Typically, the benefits of text and structure editing are combined in the user interface of a single hybrid tool. For example, Emacs is fundamentally a text editor, but supports the manipulation of words, sentences, and paragraphs as structures that are inferred from the text. Conversely, Dreamweaver is fundamentally a structure editor for marked up web documents, but supports the display and manipulation of raw HTML text as well. Similarly, molecule editors typically support both graphical and textual input. Structure editing predominates when content is graphical and textual representations are awkward, e.g., CAD systems and PowerPoint. Text editing predominates when content is largely devoid of structure, e.g., text fields in web forms. WYSIWYG word processing systems such as Word, which appear to edit formatted text directly, are essentially structure editors for the underlying marked-up text.
In linguistics, syntax is the study of the structure of grammatical utterances, and accordingly syntax-directed editor is a synonym for structure editor. Language-based editor and language-sensitive editor are also synonyms. A language-based editor’s features may be implemented by ad hoc code or by a formal grammar. For example, language sensitivity in Emacs is implemented in the Lisp definition of the edit mode for the given language. In contrast, language sensitivity in an XML editor is driven by a formal DTD schema for the given language.
Structure editing has often been employed in source code editors. Each programming language typically has a well-defined syntax given by a context-free grammar, and accordingly the meaningful structural elements in source code written in the language correspond to the grammatical phrases in the text. Early syntax-directed source code editors included Interlisp-D (for Lisp’s limited syntax) and Emily (for PL/I’s rich syntax).

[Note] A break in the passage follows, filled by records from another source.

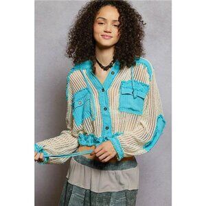 *Add some texture to your wardrobe with this stylish woven button down hooded shirt featuring a drawstring hem. The unique texture adds interest and dimension to this classic button-down style. The hood and drawstring hem offer a casual and laid-back vibe, perfect for everyday wear. Versatile and comfortable, this shirt can be easily dressed up or down to suit any occasion. Pair it with your favorite jeans or shorts for a trendy and effortlessly cool look.
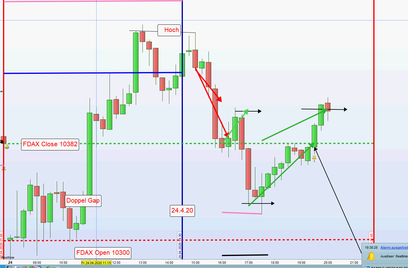 Setup 4.Handel in Richtung Eröffnungskurs. Short und Long
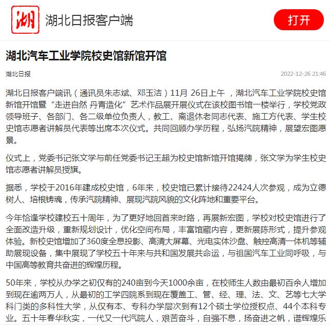 【湖北日报】湖北汽车工业学院校史馆新馆开馆
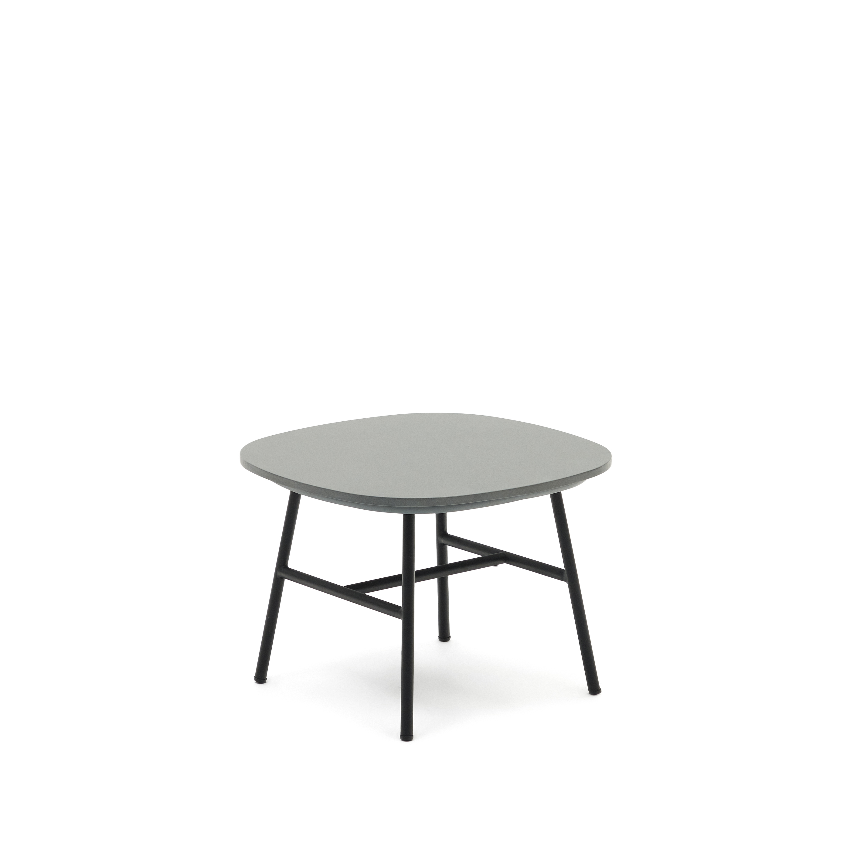 • Table basse avec plateau en acier traité pour une utilisation en extérieurs couverts.
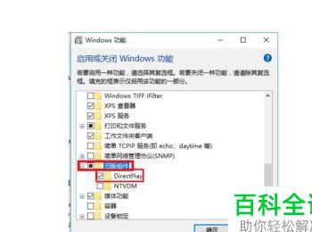 3. 在弹出的窗口中,找到”旧版组件“选中后,勾选上下方的”DirectPlay"选项,最后点击确定按钮即可。
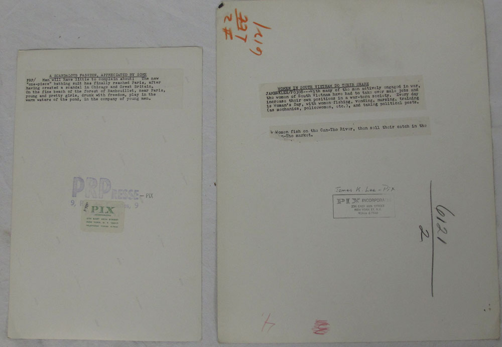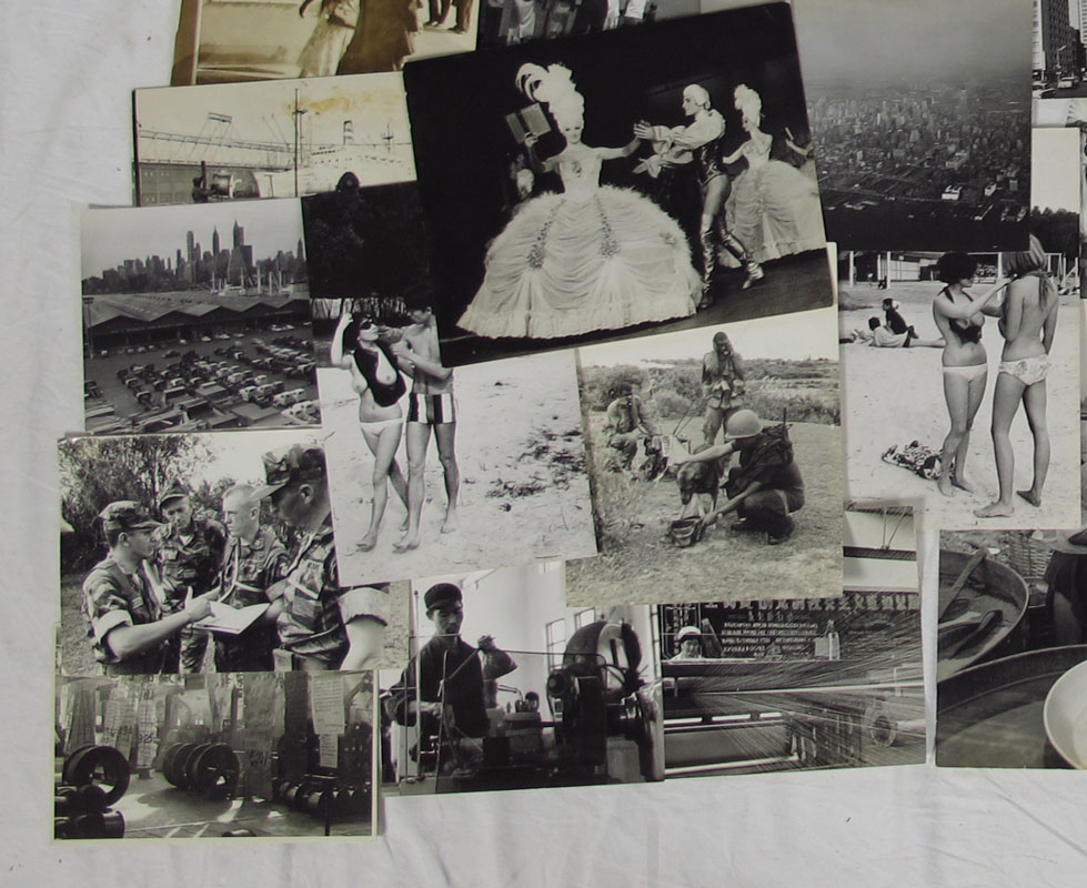 COLLECTION OF VINTAGE PHOTOGRAPHS: An eclectic collection of approx. 42 photographs from the 1940's - 1970's, most are from photographers who worked for Pix Incorporated and appear to be shots for magazines and newspapers. Content includes Vietnam, New York City, Moulin Rouge, French nude beach and Princess Margaret's visit to Sweden and more. Also include approx. 14 studio stills including Sound of Music, High Plains Drifter, Charlie Chaplin, Dracula & Son. Lot also includes collection of early to mid 20th century Chinese postcards and envelopes with stamps.
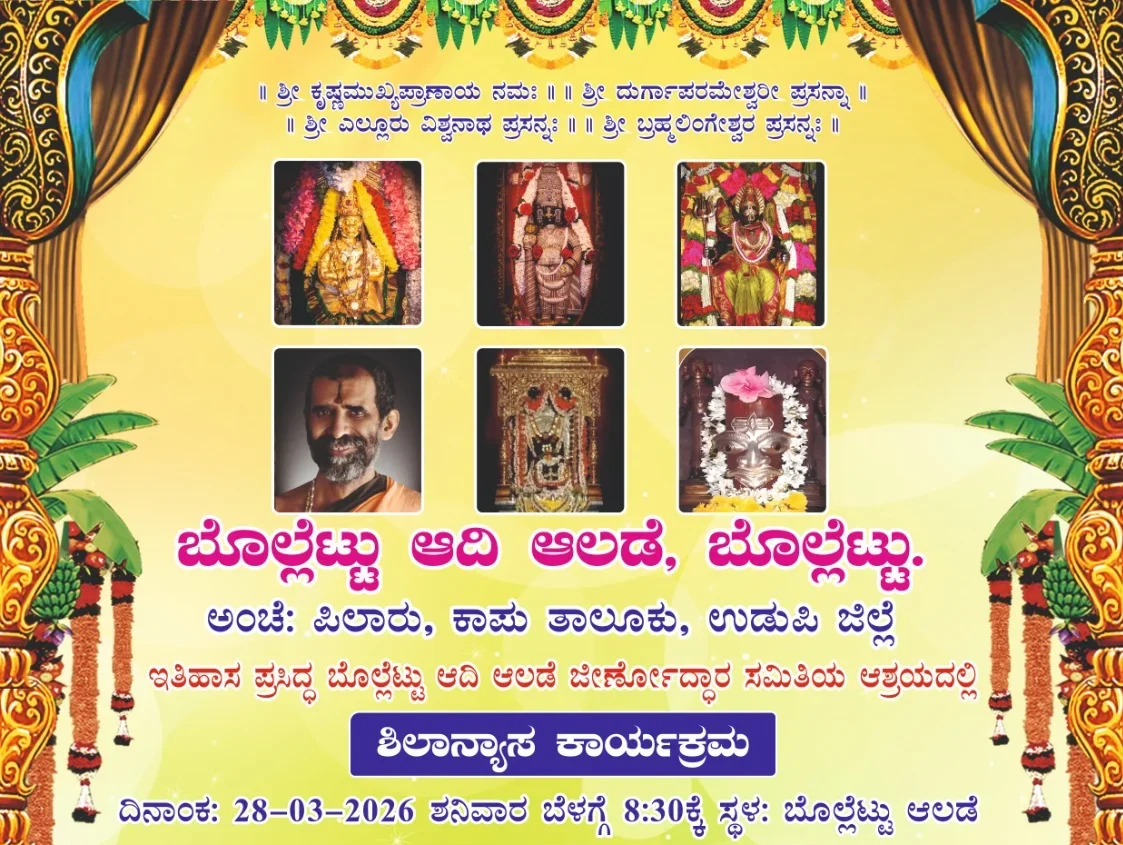 ಕಾಪು : ಇತಿಹಾಸ ಪ್ರಸಿದ್ದ ಬೊಲ್ಲೆಟ್ಟು ಆದಿ ಅಲಡೆ ಜೀರ್ಣೋದ್ಧಾರ ಸಮಿತಿಯ ಅಶ್ರಯದಲ್ಲಿ ಶಿಲಾನ್ಯಾಸ ಕಾರ್ಯಕ್ರಮ ಮಾರ್ಚ್ 28 ರ ಬೆಳಿಗ್ಗೆ 8.30 ಕ್ಕೆ ಬೊಲ್ಯೊಟ್ಟು ಆಲಡೆಯಲ್ಲಿ ನಡೆಯಲಿದೆ.
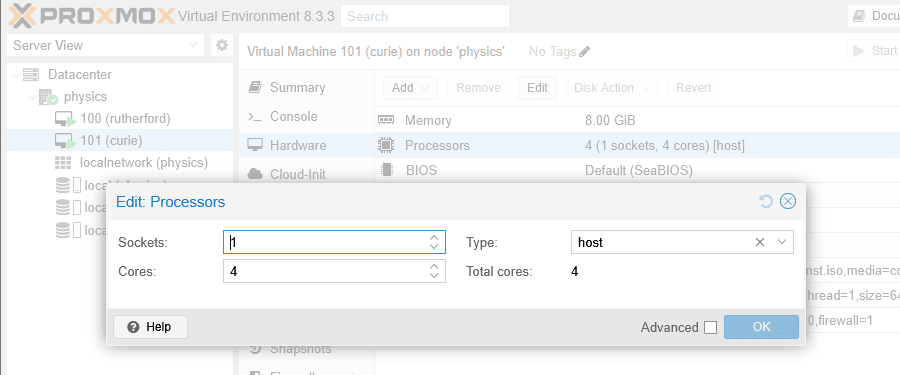 変更するにはProxmox VEのWEB管理画面でVMを選び、Hardware->Processors->Editをクリックして現れたダイアログのTypeを変更してください。

A syntax-directed editor may treat grammar rules as generative (e.g., offering the user templates that correspond to one or more steps in a formal derivation of program text) or proscriptive (e.g., preventing a phrase of a given part of speech from being moved to a context where another part of speech is required) or analytic (e.g., parsing textual edits to create a structured representation). Structure editing features in source code editors make it harder to write programs with invalid syntax. Language-sensitive editors may impose syntactic correctness as an absolute requirement (e.g., as did Mentor), or may tolerate syntax errors after issuing a warning (e.g., as did the Cornell Program Synthesizer).

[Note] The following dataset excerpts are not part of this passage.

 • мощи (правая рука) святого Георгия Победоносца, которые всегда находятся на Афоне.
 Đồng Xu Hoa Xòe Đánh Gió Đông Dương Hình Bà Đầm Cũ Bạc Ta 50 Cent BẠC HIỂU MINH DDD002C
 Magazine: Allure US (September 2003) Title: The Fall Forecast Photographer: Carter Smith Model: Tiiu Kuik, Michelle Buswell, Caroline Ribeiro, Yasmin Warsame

Some syntax-directed editors monitor compliance with the context-sensitive constraints of a language such as type correctness. Such static-semantic constraints may be specified imperatively by actions (e.g., as in Gandalf), or declaratively by an attribute grammar (e.g., as in the Synthesizer Generator) or by unification in a many-sorted algebra (e.g., as in PAG ) or a logic program (e.g., as in Centaur and Pan), with compliance checked by the underlying editing machinery.
It is common for a language sensitive editor to represent a document as a parse tree with respect to language’s grammar, or as an abstract syntax tree (AST). For example, a DOM tree is essentially an AST with respect to a given DTD. Frequently, the textual view of that underlying tree is generated by prettyprinting the underlying tree. Editors associated with intentional programming and language oriented programming for general purpose languages and domain specific languages share many of the features of language-sensitive editors, but aim for greater separation between the underlying representation (the intention) and the surface representation (text in a programming language).